I can now reveal that after at least one hour of intense investigative journalism fueled by dedication and scotch while bravely using Google's own search engine against the company, I've been able to discern a method to Google's madness, a clear line that leads directly to Google's endgame. It's the mother of all conspiracy theories: Google wants to own it all, starting with you.
Humble beginnings
It began with the simple benevolence of tracked search and a slogan sign, now pockmarked with virtual bullets that read "Don't be evil." Was it evil to turn tracked search into Google Ads and Google Analytics? That's for future, post-Googlepocalypse generations (if they exist) to decide. But it established an engine whereby Google knows what you're looking for, moves you toward more of the same, and offers merchants a crack at us -- though, merchants and customers alike, we're all pawns in Google's grid.
That's a short and natural hop to e-tailing, and Google jumped in immediately, developing shopping technology alongside its search empire. Witness Google Wallet, Google Catalogs, and most recently Credit Karma, soon to be renamed Google Credit (probably).

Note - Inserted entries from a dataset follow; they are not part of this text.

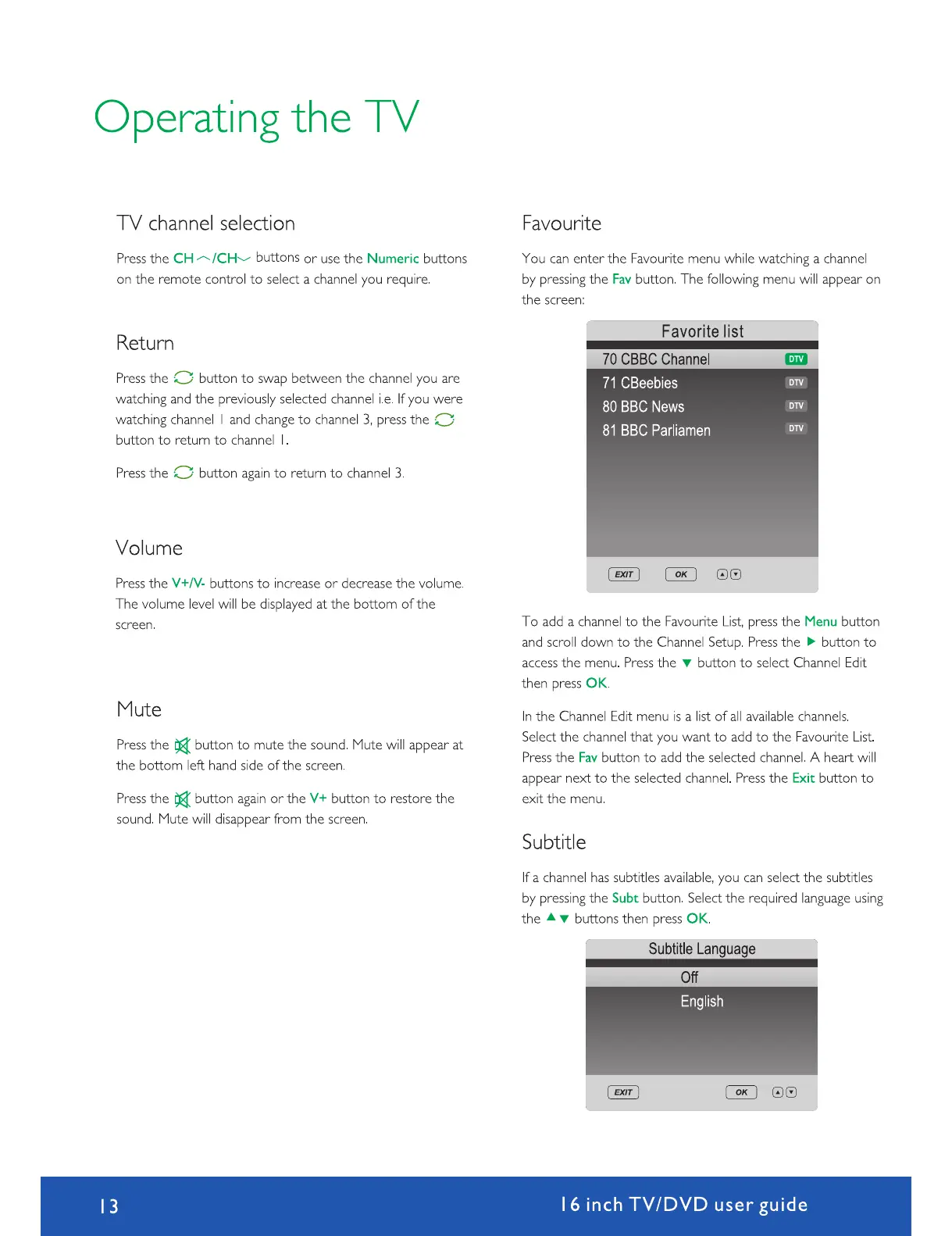 Avtex W164DRS - Operating Your TV: Basic Controls and Favorites; Basic Channel and Volume Control
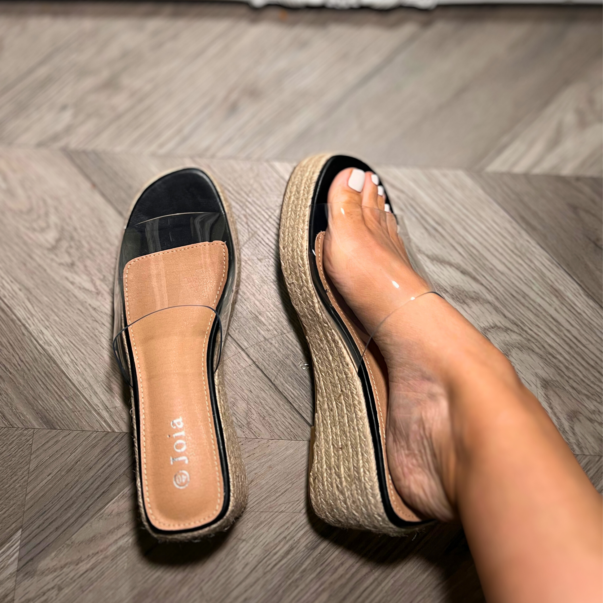 Order your Hazel Clear Strap Espadrille Wedge Slide Sandals today and step into the summer with style! 🛍️
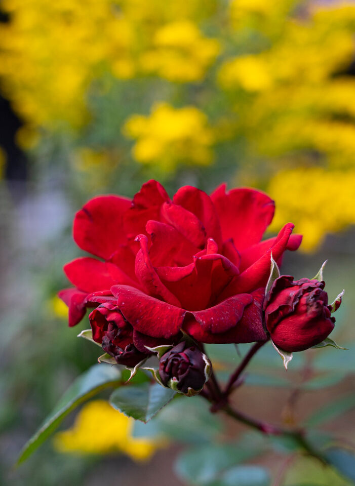 Trädgårdens röda rosor blommar fortfarande. I bakgrunden skymtar gullris som jag uppskattar även om den är näst intill invasiv :)
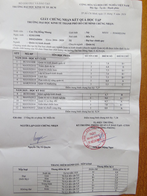 Phát học bổng cho các em sinh viên niên khóa 2019 - 2020
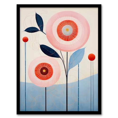 Wee Blue Coo Kaleidoscope Blossom Oil Painting Pastel Colour Pink Blue Boho Geometric Artwork Framed Wall Art Print A4
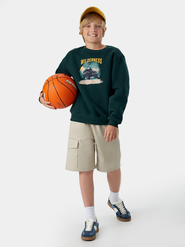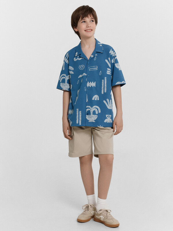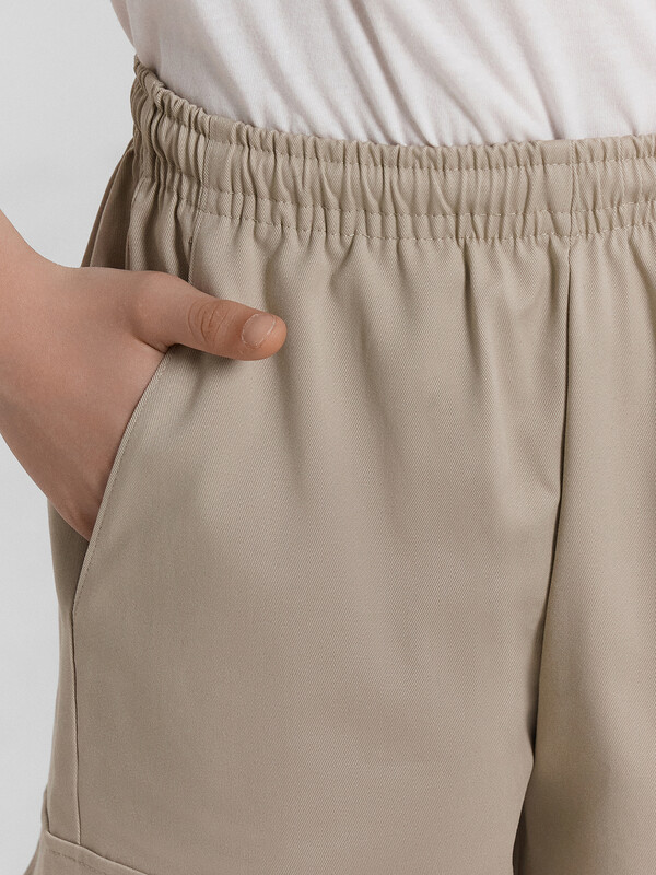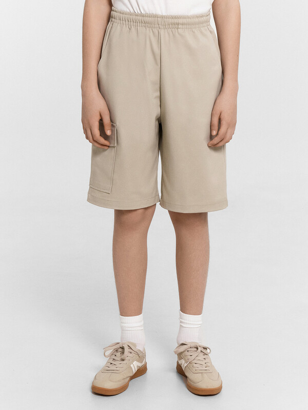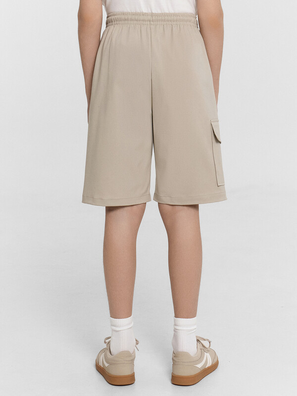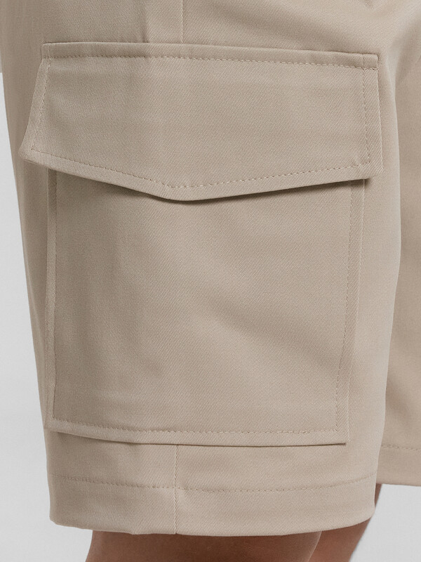 Шорты карго прямого силуэта из текстильного полотна. Посадка средняя. Длина выше колена. Пояс цельнокроеный с эластичной тесьмой и шнуром внутри. По поясу выполнены три декоративные строчки. На передних деталях брюк настрочен один карман с клапаном, обработаны карманы с наклонным входом от боковых швов. Низ изделия обработан швом в подгибку.
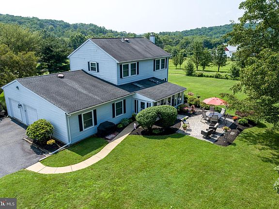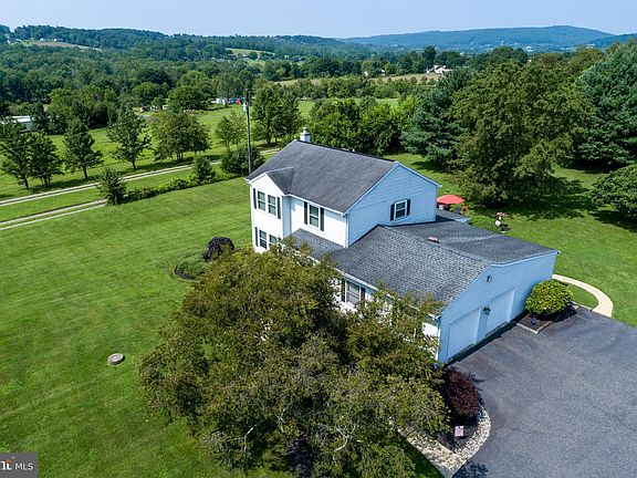 Your wait for that move-in-ready house in the country is over! Situated on 2 1/2 acres of both cleared and wooded areas, this beautiful home has been exceptionally well-maintained by its original owners. Spacious rooms throughout provide comfortable living and entertaining space. The large living room features crown molding, newer carpeting, and replacement windows, as does the adjoining dining room with its picturesque view of the professionally landscaped patio area. The eat-in kitchen has 28 handle cabinetry, deep double bowl porcelain sink, tile backsplash, newer appliances, and a sizeable pantry. There is also room for a full sized table plus a convenient half bath a few steps away. From here, step down to the spacious family room. Enjoy this room for everyday family living or as the center of indoor entertaining, as it adjoins the three seasons room. This wonderful space features three walls of windows/screens with shades, a ceiling fan, two skylights, and window accessibility to the kitchen to pass through food and beverages. Step out onto the 12’ x 20’ EP Henry paver patio and delight in the quiet and views of the changing seasons. Beyond the patio is a large cleared area perfect for a garden, lawn games, or better yet, that pool you’ve always wanted. Past this open area is a cleared space surrounded by trees where you could enjoy a fire pit, picnic area, play corn hole, practice yoga, or just take joy in a quiet spot to sit and relax. Keep an eye out for the occasional deer that may visit from the wooded portion of the property beyond! There is also a shed for storing lawn or sports equipment. Back inside and up the wide staircase, the second floor offers the primary bedroom with bump out sitting area, two closets, and attached bathroom. Two additional bedrooms, a full bath, large linen closet, and all replacement windows complete this level. Ceiling fans throughout both levels of this home circulate the air and contribute to year round heating and cooling efficiency. In addition to the fifteen replacement windows, all interior doors and most light fixtures in the home have been replaced. The full basement features a workshop space, laundry area, additional large storage area, a walk-in closet for off-season clothing, and walk up stairs to the backyard. The 200 amp electrical system features a hookup for the included generator. The attached two car garage with interior access round out the amenities of this outstanding property. Located in a serene country setting yet easily accessible to shopping, schools, recreational areas including the Green Lane Park system, and major arteries, this property leaves nothing to be desired.
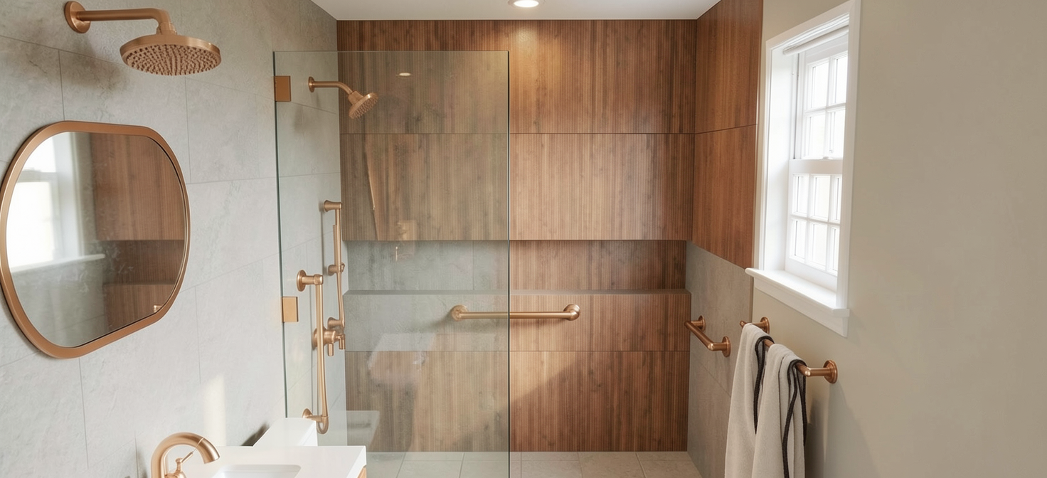 glass has a thin white semi transparent glass edge around it and the vanity light scones are white semi transparent glass turn the lighting at 3000k all plumbing fixtures are non emissive
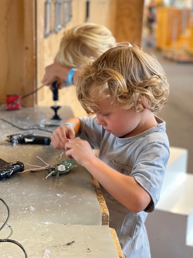 Je hoeft in de Ontdekfabriek geen stappenplannen te volgen om allemaal hetzelfde resultaat neer te zetten. Ze zijn zo gemaakt dat je zelf aan de slag kunt, mits wat uitleg en daar je eigen ding mee kunt doen. Alle opdrachten zijn heel STEM-gericht. Techniek, electronica, hamers, schroevendraaiers… Je kan met van alles aan de slag gaan. Onze eerste hoek waren de racewagens bouwen. Hoe je dat deed, was volledig up to you. Onze jongens konden dus écht hun fantasie de vrije loop laten. Vince begon bijvoorbeeld te bouwen, en zei toen dat hij niet wist waar hij net aan begonnen was. Dat is toch geweldig?
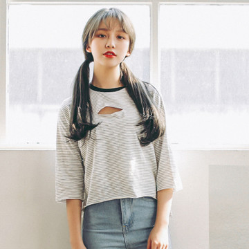 模特實拍 夏裝新款韓版寬松條紋破洞T恤上衣 /
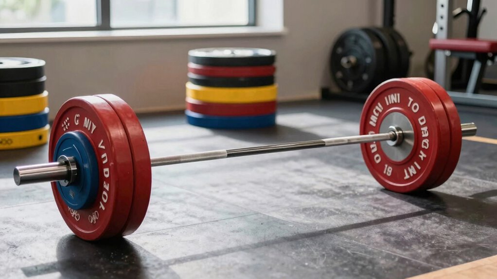 When deciding between bumper and cast iron plates for your Olympic set, it’s important to contemplate how each type performs during your workouts. Bumper plates, made of rubber or urethane, absorb impact and reduce noise when dropped, making them ideal for Olympic lifts and high-impact training. They also have a uniform diameter, which promotes safer, more consistent lifts. Cast iron plates, on the other hand, are more durable and usually less expensive, but they produce more noise and can chip or rust without proper care. Their size varies with weight, affecting balance and handling. If your focus is dynamic lifts and drop safety, bumpers are a smart choice. For traditional strength routines and cost-effectiveness, cast iron plates work well, especially in a home gym setting.
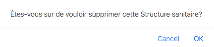 Pour supprimer une Structure sanitaire: sélectionner la Structure, cliquez sur la derniére colonne l'action suppimer. Une fenêtre s'affiche,vous validez la suppression du Structure en cliquant sur 'OK' pour valider ou cliquer sur Annuler pour annuler la suppression.
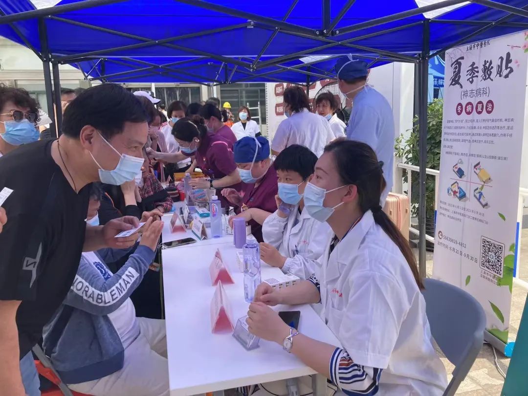 5月29日,上海市中医医院在芷江中路院区门诊大楼广场举行冬病夏治体验活动,前来咨询体验的市民络绎不绝。

The timeline might be off, but these plots are constantly evolving -- and why screw up a perfectly good rant with precise information anyway?
From e-tail, it's an easy leap to content: Google News, Google Finance, YouTube, and the rest -- bread and circuses, albeit bread and circuses as programmed by Google. That proceeds today with what looks like a push into console gaming. Which games do you like? Check. Where are you buying them now? Check. Can we sell them to you instead? Check. Where are you playing them and can we own that, too? Check.
Direct connection
Google knew us in the abstract, but it needed direct, firsthand, brain stem access. It set its sights on what we're working on; what we're writing to friends and family; what we're talking about; and what files and data we've squirreled away on our computers. Enter Google Apps, Gmail, Google Drive, Google Voice, and the seemingly unavoidable G+. Now Google had access to all of it, from our love notes to our vacation photos to our phone calls with Mom. It's all part of the database and about as benign as dropping a kitten in a Cuisinart.